Anecdotally, this trend appeared to extend to localized geographies as well. It was much more challenging to verify regional and local differences due to thinning of the dataset across a broader number of feature values. There were instances where it appeared that workers in the South Eastern United States for example were compensated lower than their North Eastern and West Coast counterparts. Likewise, similar trends were somewhat visible when evaluating rural vs urban regions but more concerte data and analysis of this phenomena is required to confirm. If proven, this could likewise challenge the ethics of current insourcing practices.
The important takeaway from this is that the difference in compensation across geographic boundaries is not simply a difference in currency value. It is not simply a cost of living adjustment but rather is a quality of life adjustment. Workers in developing economies are objectively compensated lower purchasing power because of their disadvantaged economic situation.
Compensation Structure
The second most important feature in the dataset for predicting compensation is the percent of an individual’s compensation that is fixed or guaranteed. This feature primarily affected only workers in the United States. Despite being limited to affecting only 40% of the sample population, the impact on compensation was enough to make it the second most important feature.
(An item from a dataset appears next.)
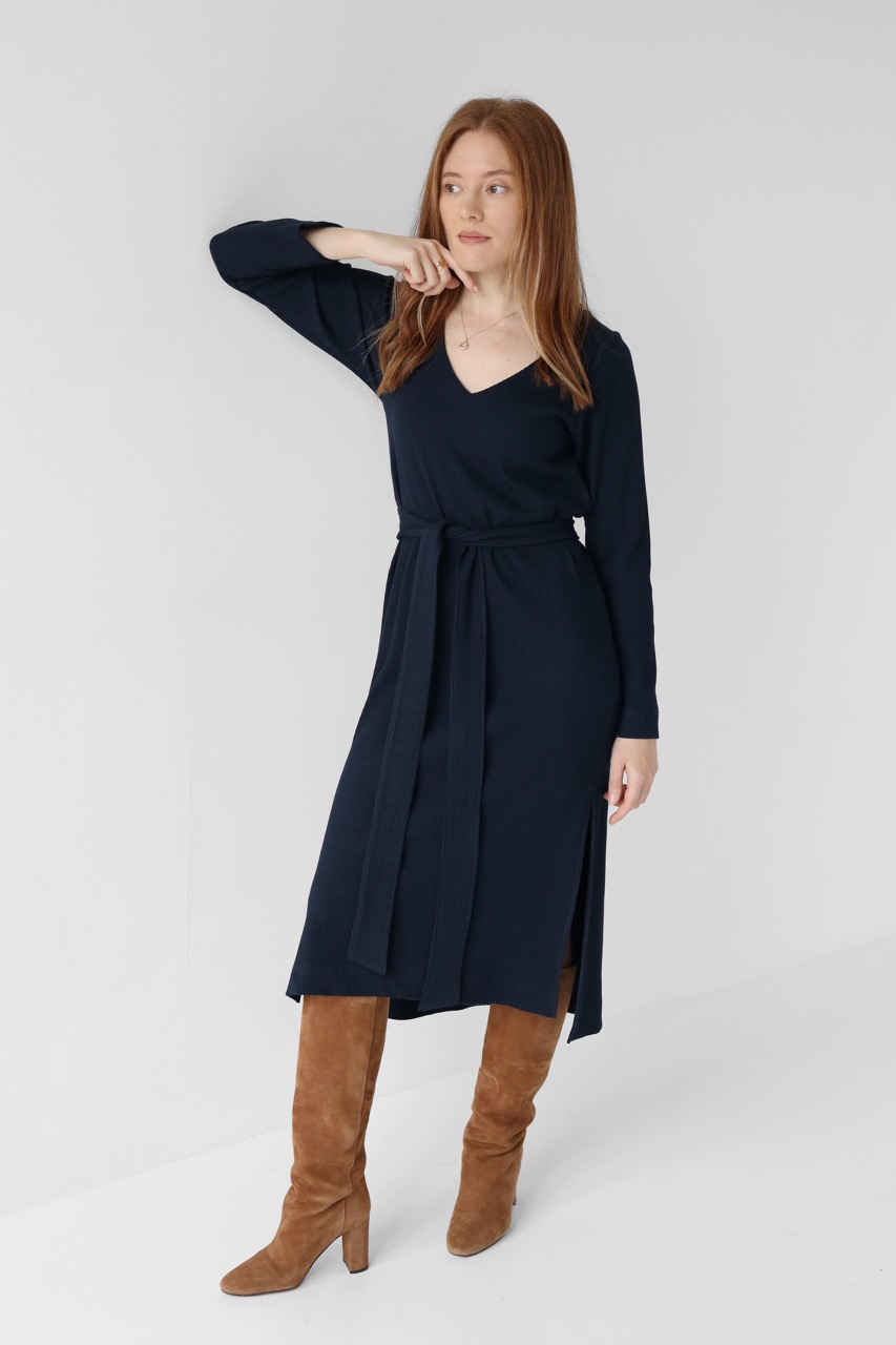 Sukienka dzianinowa z paskiem – ESTHERA. Sukienka ma luźną formę, długość midi i rozcięcia po bokach, które nadają jej kobiecego i lekkiego charakteru. Piękny dekolt V podkreśli i wysmukli sylwetkę. To propozycja dla Kobiet kochających komfort. Sukienka ma lekko dłuższy tył od przodu – świetnie komponuje się z kozakami i botkami, ale możesz wystylizować ją na sportowo ze sneakersami. Sukienka występuje w 2 łamanych rozmiarach S/M oraz L/XL. Możesz nosić ją puszczoną luzem lub przewiązać ją paskiem z tej samej dzianiny lub skórzanym.

Country GNI Per Capita <= 55840 | Country GNI Per Capita > 55840 | |
---|---|---|
Min | 11,315 | 29,200 |
Q1 | 37,718 | 110,513 |
Median | 61,292 | 135,000 |
Q3 | 89,754 | 172,100 |
Max | 198,020 | 425,000 |
As shown in the distribution above, workers in the United States who accept a higher percentage of variable pay are much more likely to out earn their fixed pay counterparts. Workers falling into a more traditional salary plus bonus or other high percent fixed structure are likely to earn only 45% of the amount their variable pay peers are compensated on average. There are some important aspects to note about this relationship. For the rest of this analysis, the greater than 85% fixed pay group will be referred to as the low risk pay group and the other group the high risk pay group.
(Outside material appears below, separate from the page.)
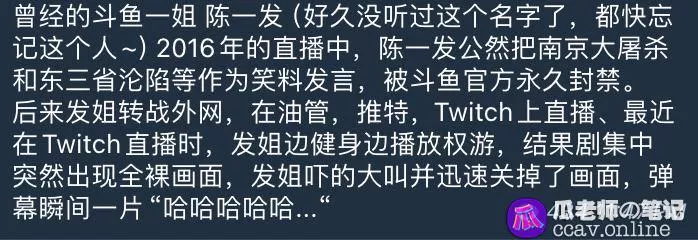 曾经的斗鱼一节陈一发因直播时涉及不当言论被中国地区全网封杀,转战外网直播,而在近日的一场直播中,发姐一边健身一边看权游电视剧,结果电视剧尺度太大,出现全果镜头,吓得发姐一顿手忙脚乱差点把最后的后路也断掉。

First, the relationship does not have a strong correlation, rather the relationship appears probabilstic. That is, there appears to be no relationship where each step increase in variable percentage correlates to some proportional increase in total compensation. Rather, there is a region between 80% and 90% fixed compensation where the probability of high earners on one side of the line and low earners on the other side of the line is at it’s peak. The 85% fixed compensation line is where this probabilistic split has it’s greatest effect on the resulting distributions.
Second, the minimum value for the high risk pay group is extremely misleading. Most of the first quartile of that pay group is skewed toward the upper first quartile line with very few approaching the minimum. While the boxplot is better at protecting anonymity of individual survey submissions, it hides some of the concentration of values. In this case, it’s very important to note that nearly every worker in the high risk pay group is within or above the fourth quartile of the low risk pay group. The impact of this feature for US Based workers is quite extreme.
Third, the cause of variable pay in the high risk pay group varies significantly. Some worked significantly more hours and were hourly. Some worked significantly more hours and were salary. Some did not work more hours at all. Some participated in sales. There was no single mechanism by which the high risk pay group assumed higher risk. The only consistency between them was that a large percentage of their compensation was in fact at risk for some reason or another.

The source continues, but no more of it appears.